DIC imaging of a HeLa cell undergoing mitosis (starts in metaphase).
Fluorescence imaging of a HeLa cell stably expressing GFP-tagged histone H2B undergoing mitosis (starts in prophase).
Generating cell lines that stably express fluorophore-tagged proteins
Random Integration of Expression Plasmids
Bacterial Artificial Chromosome
CRISPR/Cas9 Gene Editing
Tagged protein is over expressed against a background of the endogenous protein. This overexpression should be minimized, and cell lines validated to ensure that the tagged protein is a reliable marker for the endogenous pools of protein.
Random integration of BACs, which include upstream and downstream regulatory elements, minimize overexpression of the tagged protein at the approximate level of the endogenous protein.
CRISPR/Cas9-based knocking of a fluorophore tag at the 5' or 3' end of the endogenous gene allows for direct observation of the endogenous protein.
FRAP analysis provides information about underlying binding events
A combination of FRAP analysis and measurement of nuclear retention following light permeabilization allowed us to rapidly identify the C-terminus of RepoMan as the region that governs association with chromatin.
In vivo assays to monitor protein-protein interactions
BiFC: In this technique the 2 proteins to be assessed are expressed as fusions to N- and C-terminal fragments of a fluorophore (e.g. YFP). Interaction of the 2 proteins brings the halves together and the fluorophore re-forms and can be excited to emit light.
FRET: In this technique the 2 proteins to be assessed are expressed as fusions to a donor and an acceptor fluorophore with sufficiently overlapping spectral profiles. If the 2 proteins are in close proximity (< 10 nm), the excitation of the donor leads to transfer of some of its energy to the acceptor, which will in turn emit light. This "sensitized emission" can be monitored directly, or FLIM (Fluorescence Lifetime Imaging) can be used to monitor quenching of the donor.
In the example shown here, the bait is mCherry-tagged PP1, and it accumulates in a discrete spot in the nucleus. A known GFP-interactor (e.g. targeting subunit) accumulates at this spot due to association with PP1. This approach is a quick way to confirm interaction with PP1, and to then test the effect of mutating suspected PP1 binding sites on this interaction.
F2H: In this technique a fluorophore- and LacR-tagged bait protein is anchored to an engineered gene locus by association with LacO repeat regions. This forms a discrete spot. Prey proteins tagged with a different fluorophore are then expressed in the cell. Accumulation/colocalization with the bait protein at the gene locus confirms their interaction (although it is not necessarily direct).

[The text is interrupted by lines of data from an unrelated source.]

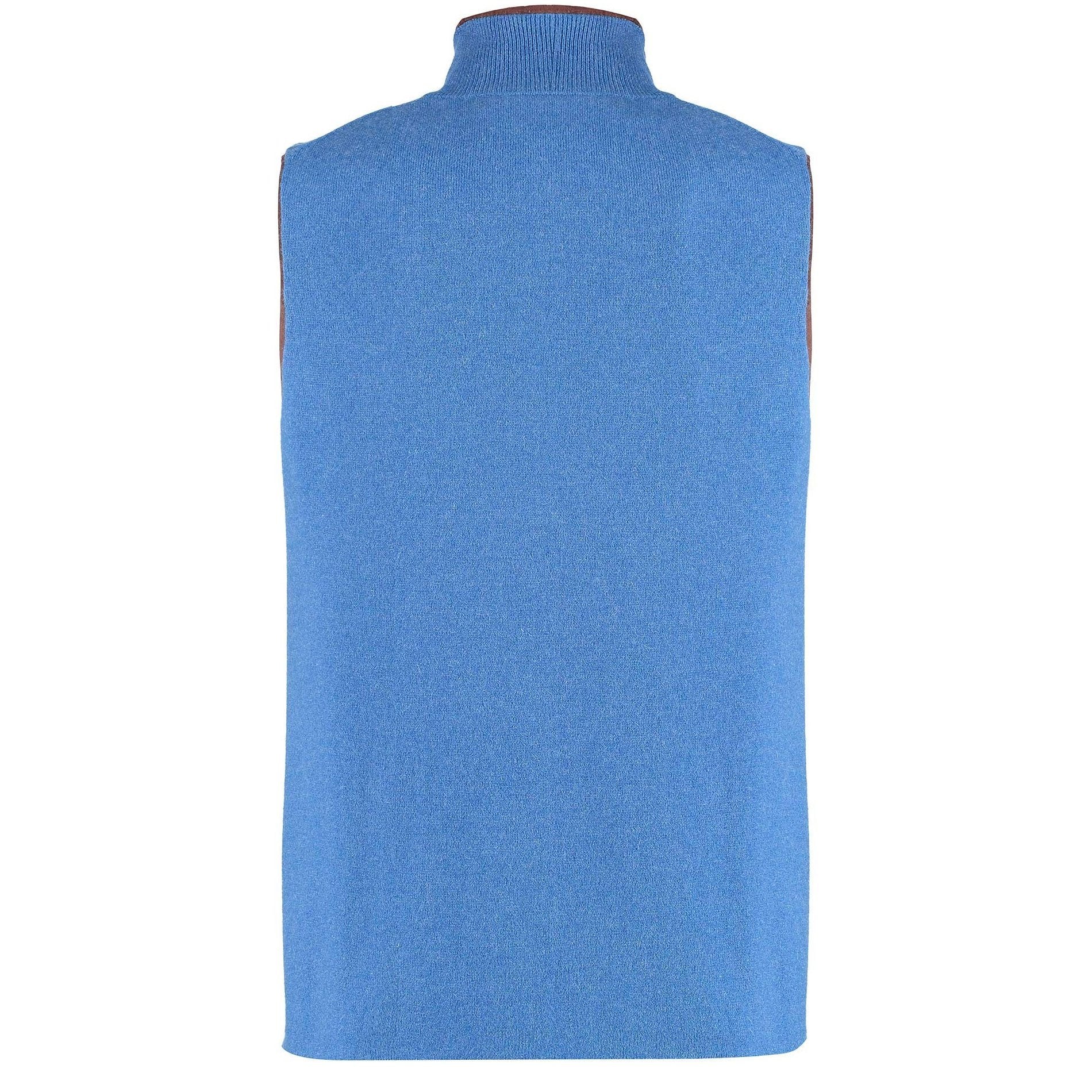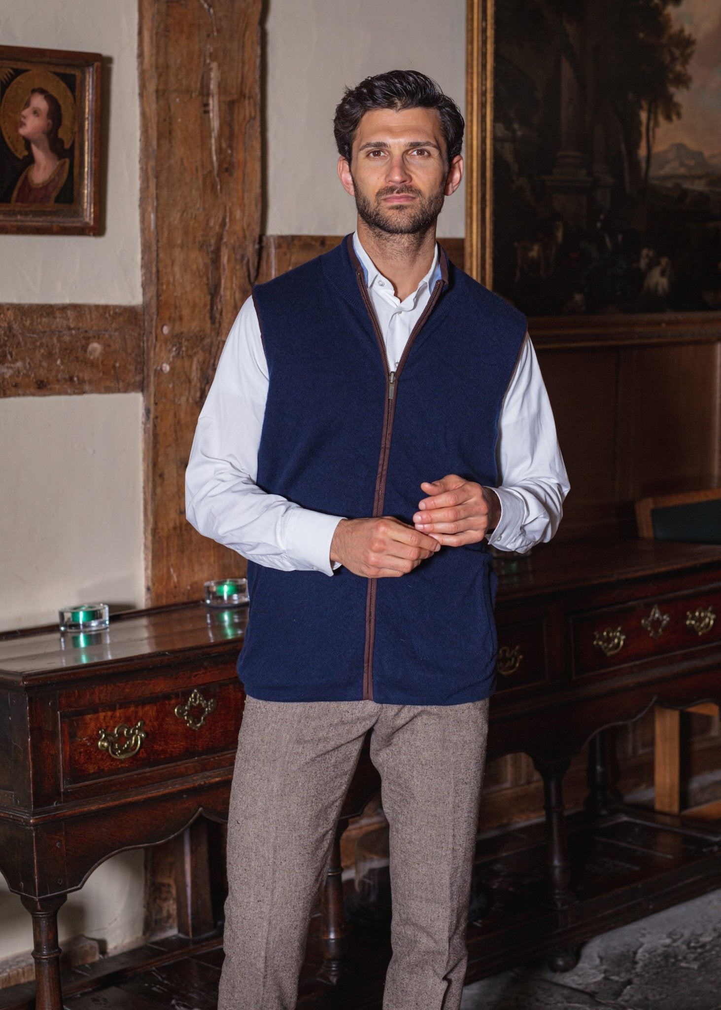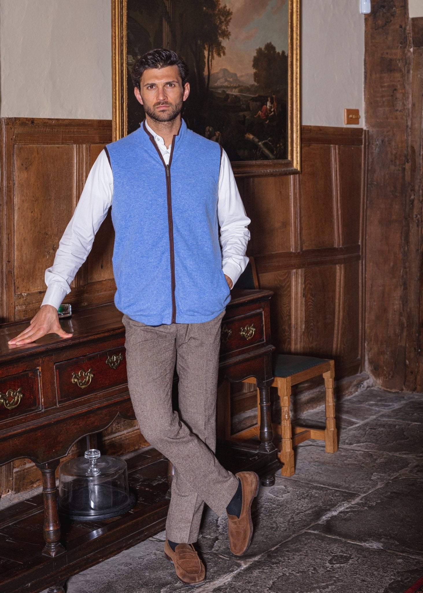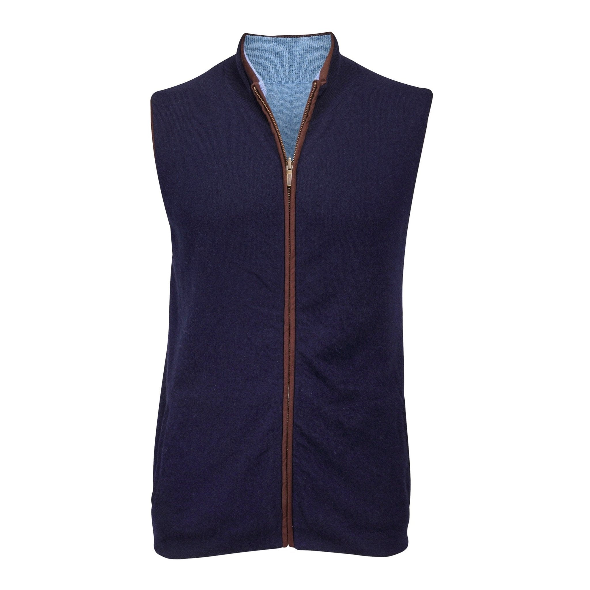 This fully reversible gilet is both versatile and comfortable. Suitable for use in the country or about town, this piece will soon become one of your favourite garments. It has pockets on both sides and a funnel neck with a contrasting alcantara suede trim. The gilet is made of double thickness, pure two ply cashmere. Double layer 2 ply pure cashmere Average length: 71cm Fully reversible Hand warming pockets on both sides Contrasting trim and pocket lining Available in a choice of eight colour combinations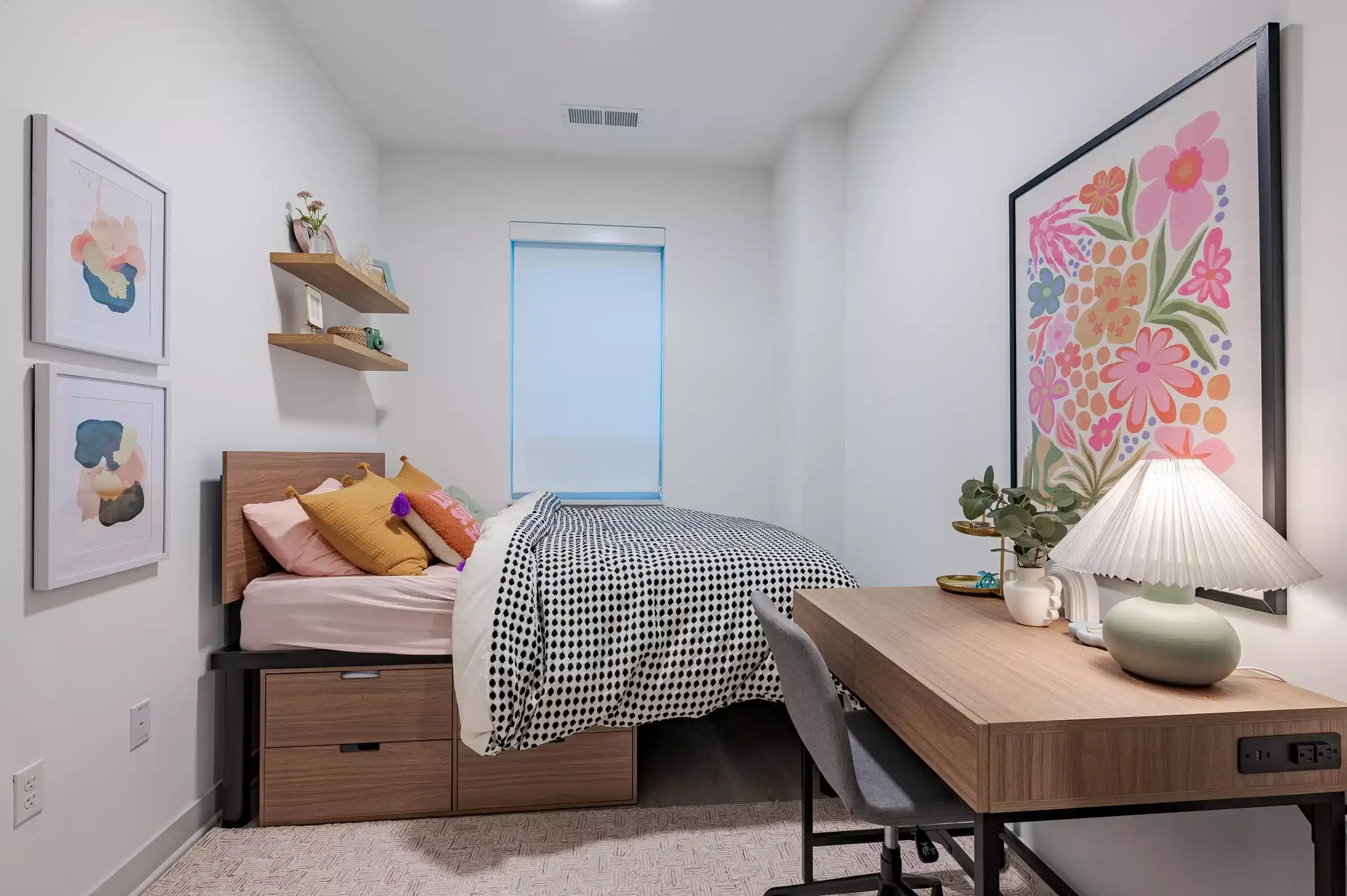 每位住户将拥有一张加大单人床,配有床头板和加厚床垫、一个四抽屉床下储物柜、一张带USB接口的书桌和一把书桌椅。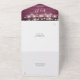 All in one wedding invitation featuring pretty string lights, hand-drawn floral garland and chic typography on a rustic burgundy red wood panels background. The invitation includes a perforated RSVP card that can be individually addressed or left blank for you to handwrite your guest's address details. Designed by Thisisnotme©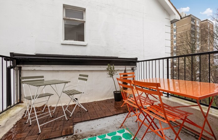 Upon leaving the second bedroom, a further flight of stairs leads to the next half landing where you will find the reception room, kitchen and main bathroom as well as access, via the window, onto the roof terrace. There is also a further useful storage cupboard.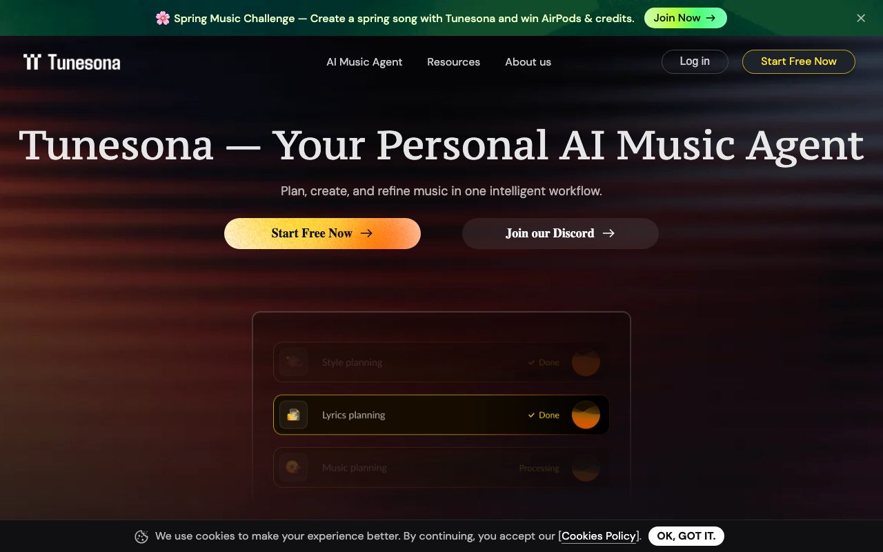 Tunesona es un agente de música con IA que convierte ideas en canciones y permite editarlas mediante conversación natural. En lugar de trabajar con una interfaz técnica, puedes describir lo que buscas y refinar el resultado paso a paso con instrucciones simples.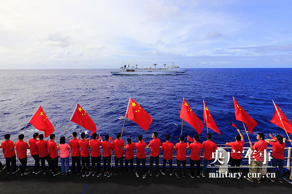 远望3号船与远望7号船载返航途中相遇。周云东摄

Microscopy Courses at uOttawa
uOttawa undergraduate students in the Translational & Molecular Medicine (TMM) program can learn more about imaging by registering for the 4th year course TMM4911: Advanced Methods in Cell Biology and Microscopy. A combination of lecture-based learning with highly interactive hands-on workshops is used to first introduce the principles behind a range of imaging-based assays and then provide the opportunity for students to carry them out. Active learning sessions, in collaboration with the Cell Biology & Image Acquisition core facility, will address the analysis, interpretation and critiquing of imaging data.
uOttawa graduate students can learn more about modern methods in optical microscopy by registering for CMM5360: Imaging in Cell Biology. This course touches on all aspects of biological imaging, providing a systematic and in-depth examination of the theory of image formation and the application of diverse imaging techniques to explore biological questions at the level of the single cell. In particular, the course will emphasize the importance of proper sample preparation and highlight quantitative issues that are critical to the proper interpretation of images obtained with modern microscope systems. Students will also learn how to critically read primary literature based on imaging approaches.